I don’t know about you, but my typical domain investigation workflow looks like: run WHOIS, open a new tab for DNS, check the TLS cert with openssl s_client, grep for SPF records, remember DMARC lives at a subdomain, forget the syntax, Google it again. Every single time.

Quien kills that entire workflow. It’s a Go CLI that pulls domain registration, DNS, RDAP, TLS, DKIM, DMARC, SPF, BGP, ASN, BIMI, Core Web Vitals, nameservers, and PeeringDB data from a single command.

But this is a Go blog. I’m less interested in what Quien does and more interested in how it does it — the patterns in its codebase and what’s worth stealing for your own projects.
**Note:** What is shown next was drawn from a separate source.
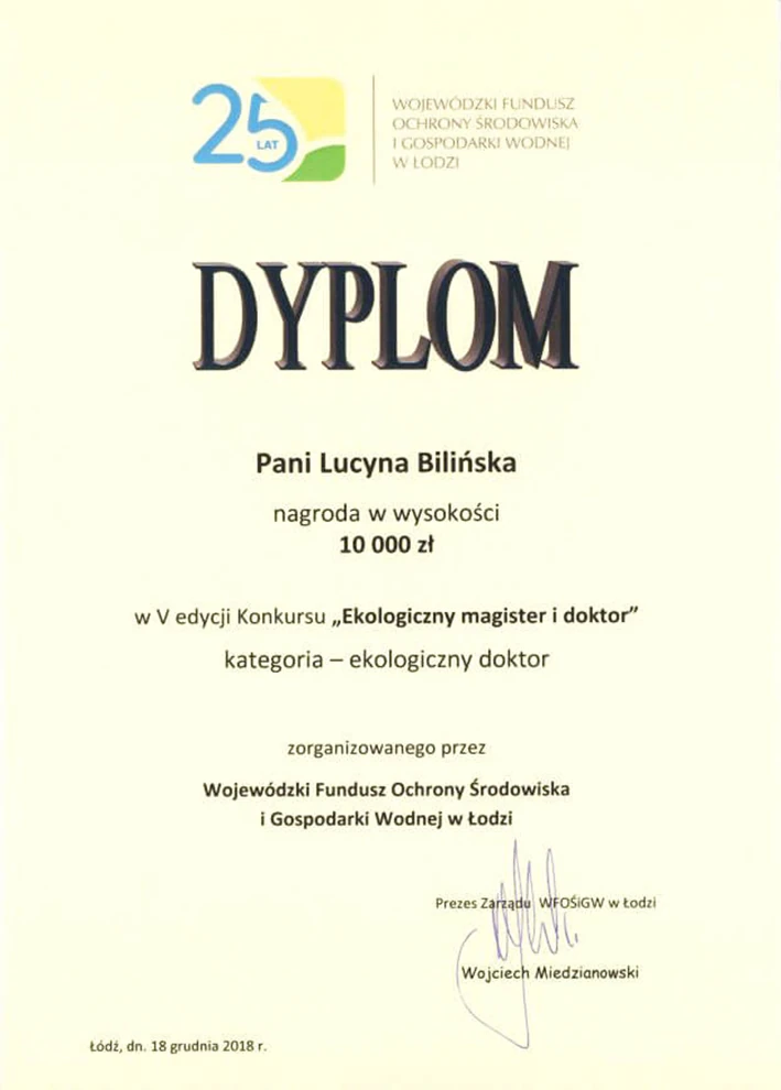 Miło nam poinformować o zdobytej nagrodzie przez dr inż. Lucynę Bilińską w V edycji Konkursu „Ekologiczny magister i doktor”.

What Quien actually queries

When you run quien example.com, it fires off queries for:

• WHOIS / RDAP for domain registration data
• DNS records: A, AAAA, MX, NS, TXT, CNAME, and more
• TLS certificate chain, expiry, issuer
• SPF, DMARC, and DKIM for email authentication
• BIMI brand indicator records
• BGP / ASN routing info via PeeringDB
• Core Web Vitals for SEO performance data
• IP geolocation and reverse DNS

That’s a lot of network calls. The interesting part is how it coordinates all of them.

Concurrent lookups with goroutines and errgroup

Quien doesn’t make these calls sequentially. That would be painfully slow. It runs them concurrently using errgroup from the x/sync package — one of the most useful patterns in Go for coordinating parallel work.
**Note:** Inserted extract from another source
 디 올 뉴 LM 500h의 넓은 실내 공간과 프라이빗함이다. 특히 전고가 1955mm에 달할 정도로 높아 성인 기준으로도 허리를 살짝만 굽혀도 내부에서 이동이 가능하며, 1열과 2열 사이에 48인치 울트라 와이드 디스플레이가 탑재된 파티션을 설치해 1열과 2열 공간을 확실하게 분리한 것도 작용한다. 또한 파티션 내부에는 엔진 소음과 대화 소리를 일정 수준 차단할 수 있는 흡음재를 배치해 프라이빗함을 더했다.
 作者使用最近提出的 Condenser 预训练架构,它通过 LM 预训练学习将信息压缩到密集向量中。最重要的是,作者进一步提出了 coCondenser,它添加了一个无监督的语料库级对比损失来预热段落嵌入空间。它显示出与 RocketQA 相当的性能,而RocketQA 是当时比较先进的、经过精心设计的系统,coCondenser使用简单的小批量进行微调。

Here’s a simplified version of the approach:

package main

import (
	"context"
	"fmt"
	"sync"
	"time"

	"golang.org/x/sync/errgroup"
)

type DomainReport struct {
	mu      sync.Mutex
	DNS     string
	TLS     string
	WHOIS   string
	DMARC   string
}

func (r *DomainReport) Set(field string, value string) {
	r.mu.Lock()
	defer r.mu.Unlock()
	switch field {
	case "dns":
		r.DNS = value
	case "tls":
		r.TLS = value
	case "whois":
		r.WHOIS = value
	case "dmarc":
		r.DMARC = value
	}
}

func main() {
	ctx, cancel := context.WithTimeout(context.Background(), 30*time.Second)
	defer cancel()

	report := &DomainReport{}
	g, ctx := errgroup.WithContext(ctx)

	g.Go(func() error {
		// Simulate DNS lookup
		time.Sleep(100 * time.Millisecond)
		report.Set("dns", "A: 93.184.216.34")
		return nil
	})

	g.Go(func() error {
		// Simulate TLS check
		time.Sleep(200 * time.Millisecond)
		report.Set("tls", "Valid until 2025-12-01")
		return nil
	})

	g.Go(func() error {
		// Simulate WHOIS/RDAP
		time.Sleep(300 * time.Millisecond)
		report.Set("whois", "Registrar: Example Inc")
		return nil
	})

	g.Go(func() error {
		// Simulate DMARC lookup
		time.Sleep(50 * time.Millisecond)
		report.Set("dmarc", "v=DMARC1; p=reject")
		return nil
	})

	if err := g.Wait(); err != nil {
		fmt.Printf("Error: %v\n", err)
		return
	}

	fmt.Printf("DNS:   %s\n", report.DNS)
	fmt.Printf("TLS:   %s\n", report.TLS)
	fmt.Printf("WHOIS: %s\n", report.WHOIS)
	fmt.Printf("DMARC: %s\n", report.DMARC)
}

The errgroup.WithContext call does the heavy lifting here. If any single lookup fails and returns an error, the context gets cancelled, and every other in-flight goroutine can check ctx.Done() and bail out early. This prevents the tool from hanging when, say, an RDAP server is dead. If you want to dig deeper into how context works in Go, check out this ByteSizeGo post on context.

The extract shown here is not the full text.